I found very strange rules regarding P0101 DCT in my car from more than 50 drive tests.

1) P0101 DTC lights on (or pending P0101 DTC) after about 10 second from the car start up.
2) If the car starts up at cold engine, there is high probability to light on (or show pending P0101 DTC if checked by OBD2 app).
If the car starts up at warm engine (operating temperature), there is small probability to light on (or show pending P0101 DTC if checked by OBD2 app)
3) If I clear the DCT code at engine idle status, the DCT code never come back before turning off a car, even for driving more than 200 miles.

I can't find the reason why it has a problem only for car start-up. If there are problems in any hardware such as air leak or sensors, CEL should light on during driving.

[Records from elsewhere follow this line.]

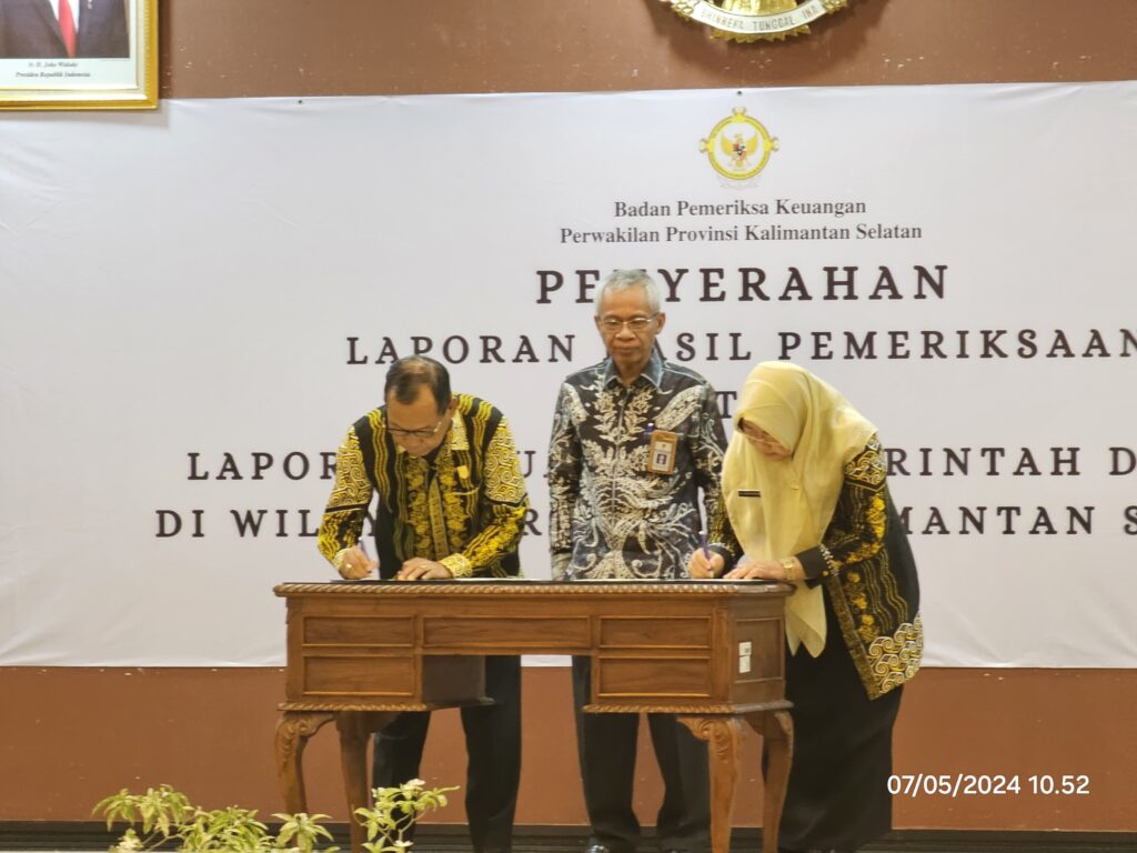 Penyerahan Laporan Hasil Pemeriksaan atas Laporan Keuangan Pemerintah Daerah (LKPD) di Wilayah Provinsi Kalimantan Selatan Tahun 2023 secara resmi berlangsung di Kantor BPK RI Perwakilan Provinsi Kalsel di Banjarbaru, Selasa 7 Mei 2024 pagi.
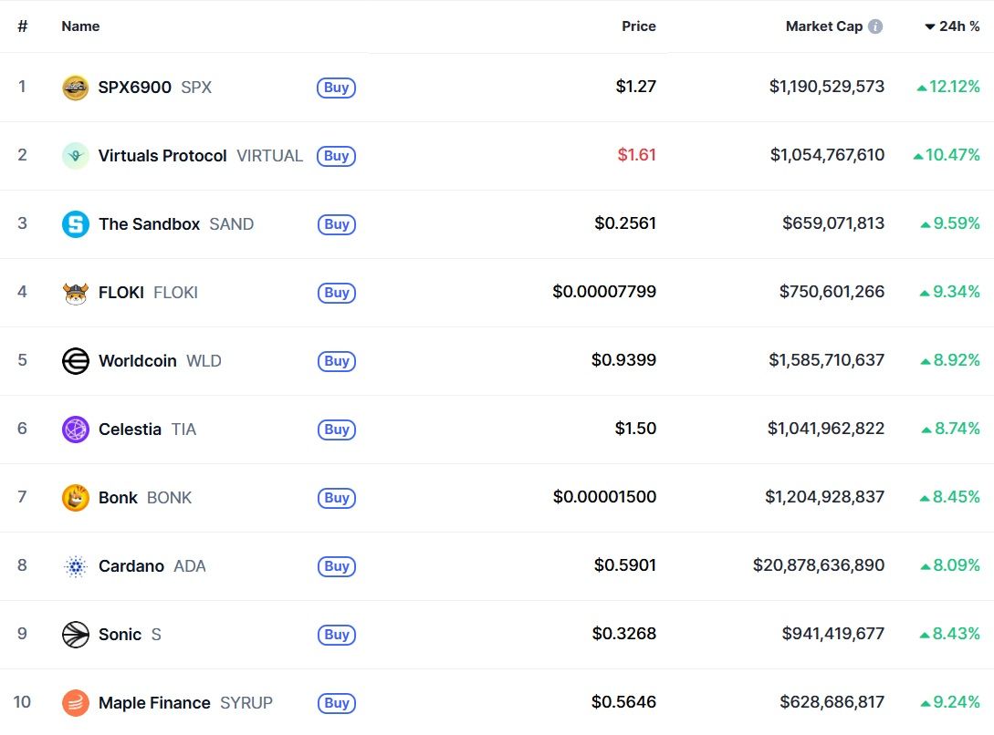 Les principaux altcoins ont réagi positivement à cette dernière hausse et se rapprochent voire dépassent les 10 % de positif aujourd’hui. VIRTUAL et SPX intègrent cette catégorie, avec des gains respectifs de 12,12 % et de 10,47 %.
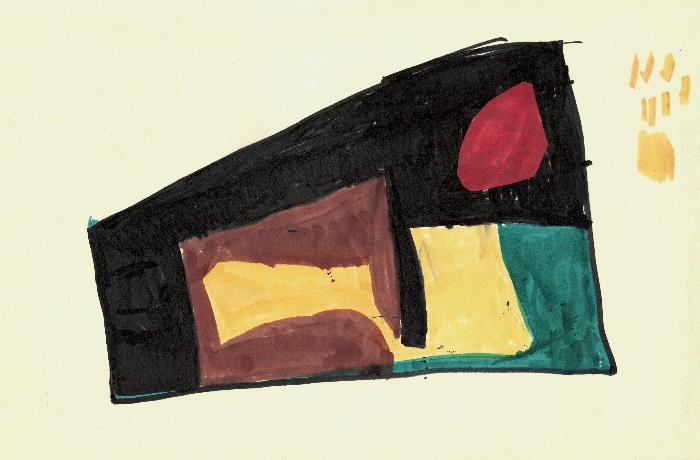 Mosaiktisch (Entwurf); 1958, 20 x 31 cm, PM: 27,7 x 42,5 cm, Zeichnung; Farbige Filzstifte auf beigem Zeichenkarton
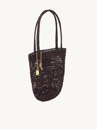 This small Summer Banana tote bag was crafted from raffia by a single artisan over 3 days in collaboration with Made For A Woman. The rounded compartment features a handwritten signature inspired by the Chloe heritage. A dangling chain and charms finish this roomy tote. PRODUCT DETAILS Small Summer Banana tote bag in raffia & calfskin Main material: Raffia Main lining: Raffia Inside trim: Calfskin Carry: Shoulder - 1 main compartment Comes with a dust bag - Width: 8.7" (22 cm) - Height: 11.8" (30 cm) - Depth: 0.8" (2 cm) This model has been handwoven with natural fibers, so the dimensions may slightly vary from one basket to another. - Handle drop: 7.5" (19 cm) To make this product, Chloe worked with Leather Working Group (LWG) certified leather manufacturers. LWG certifies tanneries based on their water and energy usage, management of chemicals, solid waste, and wastewater. This product was made in collaboration with Made For A Woman, a WFTO certified organization. Founded in 2019, Made For A Woman is a social entrepreneurship project rooted in Madagascar, dedicated to empowering artisans and their families by providing them with resources and opportunities to grow, thrive, and embrace their full potential. Color: Kohl Brown Item code: CH25AS903P0824X

Maybe, is the software problem in my car?


I am not an expert, but I check freeze frame data. I could not find any strange things from freeze frame data. 

I also recorded log data via torque pro app. I could not find any problems. 

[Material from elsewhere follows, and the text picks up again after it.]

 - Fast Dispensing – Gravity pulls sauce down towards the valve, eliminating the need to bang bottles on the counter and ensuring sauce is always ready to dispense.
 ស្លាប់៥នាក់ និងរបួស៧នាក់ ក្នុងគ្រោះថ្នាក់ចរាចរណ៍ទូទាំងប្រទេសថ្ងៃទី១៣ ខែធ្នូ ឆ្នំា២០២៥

Monitoring sensor data via Torque Pro: No pending or confirmed DTC
docs.google.com/spreadsheets/d/1UWfGiuX5Gdz0ZQZjA2RavSYAyS3Shu5clfrKzgv0OSs/edit?usp=sharing
docs.google.com/spreadsheets/d/14GLMrJUwwlmb6zydt4GR3pD3vzS7DytBCLIshoI3FuE/edit?usp=sharing

Monitoring sensor data via Torque Pro: Pending or confirmed P0101 DTC
docs.google.com/spreadsheets/d/1w-t_xuDAUxtI6Wy7LmlQVdvm51K6cTgaC_U6suINb0c/edit?usp=sharing
docs.google.com/spreadsheets/d/1Pt5maB62TSrMSC9RJhjHbSUrEDgI2mYdnALX_HTtwMY/edit?usp=sharing


----------